Attention, cet article a été rédigé par deux de nos auteurs. Les crédits sont en fin de texte.

Pour se relever de l’échec du Dahlia Noir, De Palma ne cherche pas les faveurs des studios, mais décide de s’en prendre directement à l’Oncle Sam avec Redacted, qui lui vaudra les foudres états-uniennes. Désormais paria, c’est avec de nombreuses difficultés pour financer ses travaux qu’il parvient à mettre en place deux longs-métrages, dont un dernier fortement atteint par ce manque évident de moyens. Une fin de carrière abrupte, injuste si elle reste en l’état, même si l’on espère un ultime métrage qui pourrait démontrer d’un auteur en complète renaissance.

Redacted (2007)

Avec Redacted, Brian De Palma traite non seulement d’un sujet qui lui tient à cœur, et qu’il a déjà fortement développé lors d’Outrages, mais il expérimente également une manière de narrer son histoire différente de ce à quoi il nous a habitués. Utilisant la technique du found footage, il dresse un portrait ultra-réaliste et ô combien dérangeant des exactions du corps militaire en terres irakiennes.

Au même titre que le Vietnam en son temps, la guerre en Irak est le conflit armé impliquant les États-Unis qui a suscité le plus d’indignation, tant au niveau mondial que chez les compatriotes du fils Bush, instigateur d’une guerre sans queue ni tête, aux enjeux alors obscurs. Les récits de soldats envoyés au front sans réelle compréhension de la situation – si ce n’est celle d’un ennemi omniprésent qu’il faut déterminer et éliminer – sont foisonnants, et nombreux sont les crimes banalisés, totalement passés sous silence et bardés de stabilo noir dans les rapports – la fameuse notion de redacted. S’inspirant des témoignages ayant réussi à atteindre l’opinion publique, Brian De Palma s’affaire à un véritable exercice de reconstitution, qu’il veut penser comme un documentaire, nous semblant si réel qu’aucun instant ne doit nous sembler fictionnel.

Il adopte trois angles de caméras, totalement diégétiques. Le premier, et celui qui permet de ponctuer le récit en y insérant les éléments importants, est filmé par l’un des soldats, rêvant d’intégrer une école de cinéma et décidant de s’armer de son objectif pour retranscrire la vie au checkpoint militaire. Des images d’un documentaire français apportent également leur regard, offrant un aspect informatif qui contribue à l’ultra-réalisme souhaité. Pour finir, des images issues d’un site irakien montrent les pièges tendus aux américains pour accentuer la propagande « terroriste». Aucune musique, aucun raccord fictionnel, l’image est brute, et tout semble un assemblement de vidéos directement prises au moment des faits, avec les moyens du bord. Redacted sort de son statut de film revendicateur, dénonciateur, et se pose comme un élément d’Histoire, qui se fait la voix de ces récits relatés mais jamais montrés. Et autant dire que le résultat est glaçant.

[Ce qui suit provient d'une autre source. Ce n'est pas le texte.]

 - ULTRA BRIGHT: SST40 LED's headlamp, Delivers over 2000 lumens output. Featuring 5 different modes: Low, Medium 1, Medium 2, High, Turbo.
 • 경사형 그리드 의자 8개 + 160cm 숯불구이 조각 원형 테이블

Les portraits dressés ne sont pas destinés à générer une quelconque empathie. Même celui de ce bidasse qui filme, assiste impuissant aux exactions de ses camarades, mais n’intervient pas pour autant, est là pour susciter le dégoût. On assiste à cet étau qui se resserre, à ces soldats aux motivations loin d’être exemplaires – dont celui qui annonce ouvertement qu’il est là pour le plaisir de tuer, suscitant toujours les mêmes questionnements quant à ces personnes moralement instables à qui l’on confie des armes létales – qui quotidiennement manquent de tuer des civils par simple impulsion, ne peuvent s’empêcher de reluquer les mineures du village et de valider entre eux leurs pensées abjectes. Quand un gradé se fait sauter en passant bien trop près d’un stock de débris suspect, les représailles de ces soldats esseulés en quête de sang, de sexe, et en proie à leur folie, deviennent inéluctables. Viol, massacre, rien n’est épargné. La caméra se fait le théâtre de ces horribles actions, mais ne les montre que par son spectre. Un spectre d’impuissance, que ce soit par la retranscription d’un fait en temps réel, ou par les ponctuations documentaires, qui nous rappellent la dure réalité : c’est ainsi.

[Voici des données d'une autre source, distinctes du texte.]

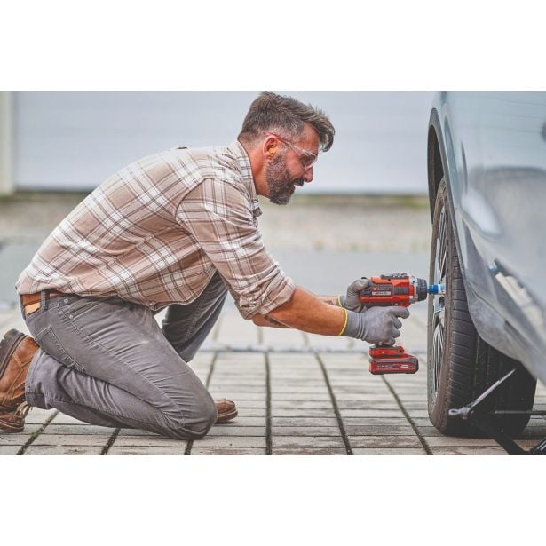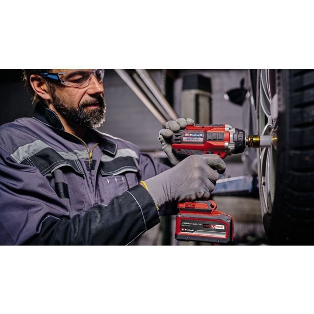 Enostavno sprostite ali zategnite tudi matice avtomobilskih koles zmogljiv akumulatorski udarni vijačnik Einhell IMPAXXO 18/400 ima brezogljični motor, robustno 1/2-palčno kvadratno vpenjalo in hitrost do 2100 vrtljajev na minuto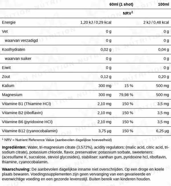 Tot slot bevat Magnesium Shot een variatie aan B-vitamines die je lichaam rondom de training verder ondersteunen. Zo ondersteunt Thiamine (Vit. B1) het hart, helpt Riboflavine (Vit. B2) bij de bescherming van gezonde lichaamscellen en draagt Vitamine B12 bij aan het proces van celvernieuwing.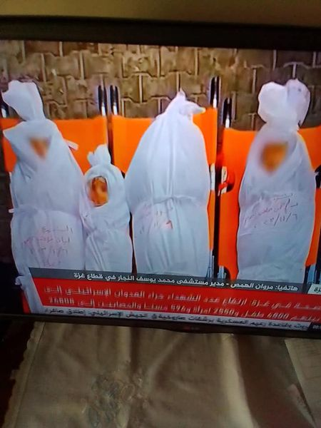 The video of the post showed Talaat Barhoum in his hospital uniform, bidding farewell to his family in white body bags on stretchers, with their faces exposed. They were surrounded by several people mourning and saying their goodbyes at dawn. Several accounts posted a graphic picture of the five body bags, with the face of the youngest exposed. A Facebook post by Amal Hadid shared a memory of the child Abdelrahman (Abdul Rahman Talat Barhoum) holding a poster and smiling at what appears to be a ceremony.

On connaît l’inéluctable conclusion : si nous n’avons entendu ces dénonciations que par le biais de la presse engagée, ou de manivelles artistiques, et que le corps d’armée ne s’est que peu prononcé sur le sujet, c’est bien qu’il passe cela sous silence. On assiste à la manière dont la machine va broyer les témoignages, apposer son feutre noir sur tout ce qui pourrait lui nuire. Le fait dont le film s’inspire a mené ses intervenants à des sanctions et peines de prison, mais beaucoup de ces actes sont toujours proférés en toute impunité lors des confits guerriers. Une dénonciation virale et violente, qui vaut à De Palma un retour catastrophique : accusé de propagande anti-américaine, Redacted est difficilement distribué sur les terres états-uniennes, et censuré dès que l’occasion l’y permet. Une réputation malheureusement logique, qui montre que la route est toujours aussi semée d’embûches et que certaines erreurs ne sont pas encore vectrices d’apprentissage.

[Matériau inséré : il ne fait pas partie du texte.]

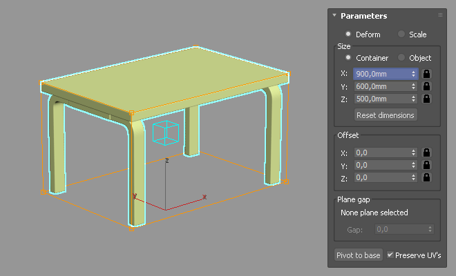 选择需要保持比例的部分,ReDeform需要定位X,Y和Z平面子对象。缩放操作发生在Gizmo平面任一侧的第一个定点之间。也可以将平面扩展为矩形用来锁定封闭区域。也可以通过一个类似FFD修改器的功能重新缩放物体。为了防止UVW贴图在缩放时变形,还有一个贴心的Preserve UVWs(保留UV)选项。
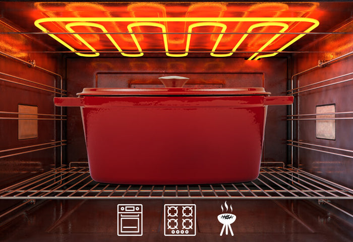 Naczynia można używać na wszystkich rodzajach płyt grzewczych. Ponieważ jest odporne na temperatury do 190°C, może być również używane w piekarniku i na grillu. W przeciwieństwie do innych naczyń, gotowanie w naczyniach żeliwnych wymaga znacznie niższej temperatury, aby uzyskać doskonałe rezultaty. Nie trzeba go przegrzewać, aby uzyskać maksymalną wydajność.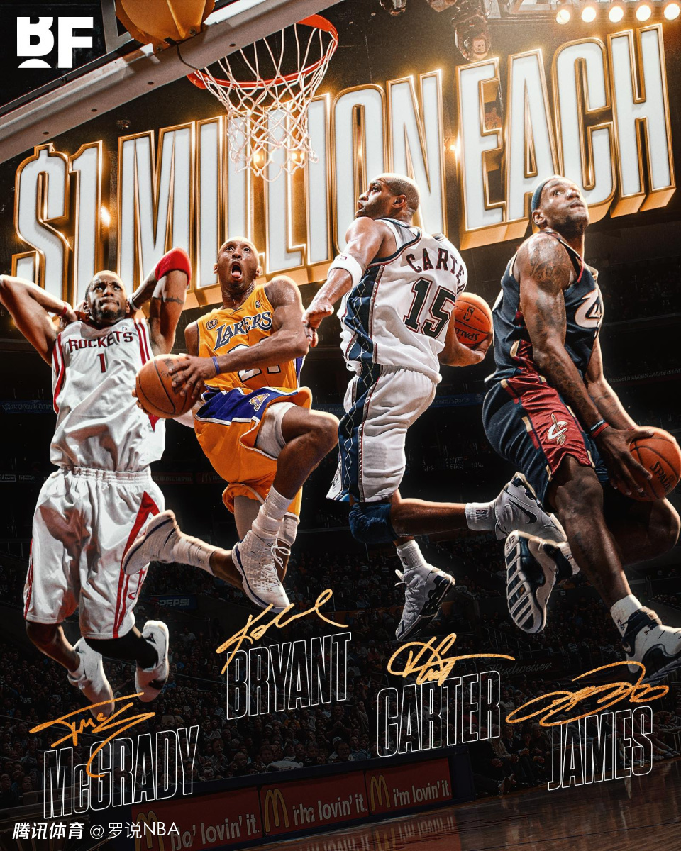 NBA官方曾开出100万美元报酬,希望促成詹姆斯、卡特、科比-布莱恩特和特雷西-麦克格雷迪同台竞技,但最终未能实现。卡特表示,四人中只有他一人同意参加,没能看到这四人同场竞技,实在是一大遗憾。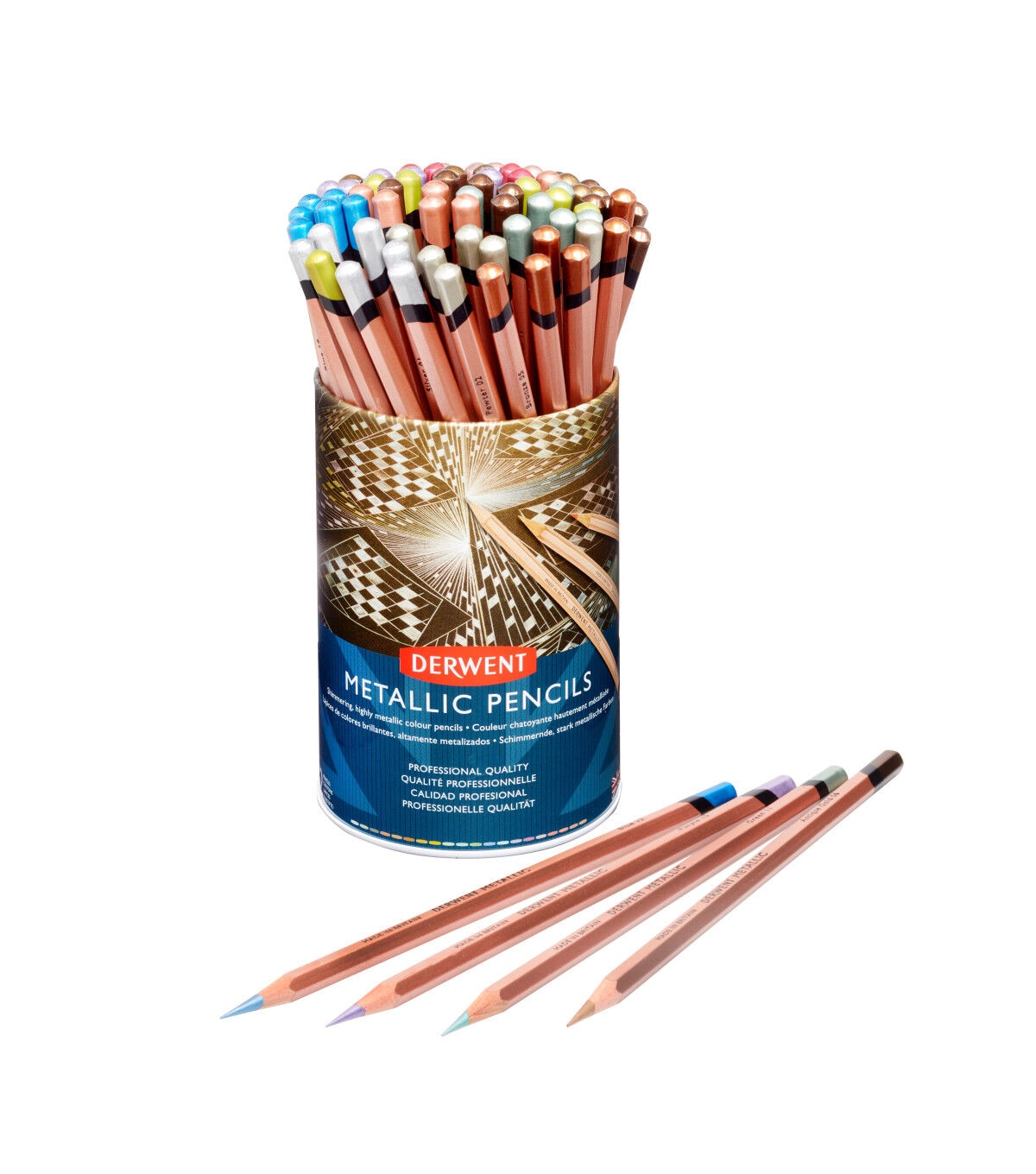 Derwent Metallic pencils are shimmering, highly metallic pencils that blend beautifully together to create vivid and striking metallic effects, particularly on dark paper.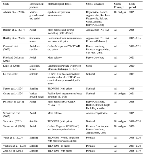 Where studies provide gridded methane emissions data products (e.g., Lu et al., 2023; Shen et al., 2022), we extracted and computed total methane emissions for the MethaneAIR study domains. For studies that report only total methane emissions for a defined area (Lin et al., 2021; Sherwin et al., 2024), we first compared the study domain with the MethaneAIR domains to assess the relative overlap. If there is a > 50 % geographic overlap with a given MethaneAIR domain, then the study is included in subsequent comparisons and analysis.

Pourtant, Redacted est passionnant dans sa manière d’aborder le film de guerre, et peut servir d’exemple. La principale contradiction du genre est qu’il oscille toujours entre sa volonté de dénoncer la barbarie, mais aussi celle d’idéaliser des moments de bravoure. Peut-on, par exemple, déterminer la position quant à l’existence de la guerre d’un film comme 1917 – pour citer un projet récent, mais les exemples sont nombreux – qui choisit d’esthétiser son plan-séquence pour magnifier l’aspect grand spectacle (la position de Sam Mendes est pourtant claire dans Jarhead) ? Retranscrire l’horreur n’est pas chose aisée, l’esthétiser en est une autre, et en cela, Brian De Palma prend une position sacrément radicale. Redacted est en cela l’ultime film anti-guerre, celui qui ne travaille aucun de ses cadres, qui montre les faits de manière brouillonne, seuls face à nos ressentiments. Il oriente sa dénonciation sans que la caméra n’appuie jamais cette même orientation, donnant alors une totale impression de neutralité déroutante. Un procédé unique, qui s’affranchit de la fiction pour juste montrer. Et une démarche tout à fait honorable, acclamée dans beaucoup d’endroits, et qu’il faut continuer d’encenser, pour ne pas oublier.

Passion (2012)

La disgrâce est rapide. Réalisant qu’il est désormais difficile – voire impossible – de financer ses projets sur le sol de l’Oncle Sam, surtout après lui avoir violemment crachoté à la tronche, Brian De Palma se tourne vers l’Europe, plus propice à l’accueillir et le faire travailler. Il y tombe raide dingue de Crime D’amour d’Alain Corneau, dont il décide d’acquérir les droits pour en faire un remake. Une réadaptation au sens large du terme, De Palma reprenant les rennes scénaristiques et incluant dans ce récit de manipulation et de relations malsaines ses thématiques et obsessions visuelles.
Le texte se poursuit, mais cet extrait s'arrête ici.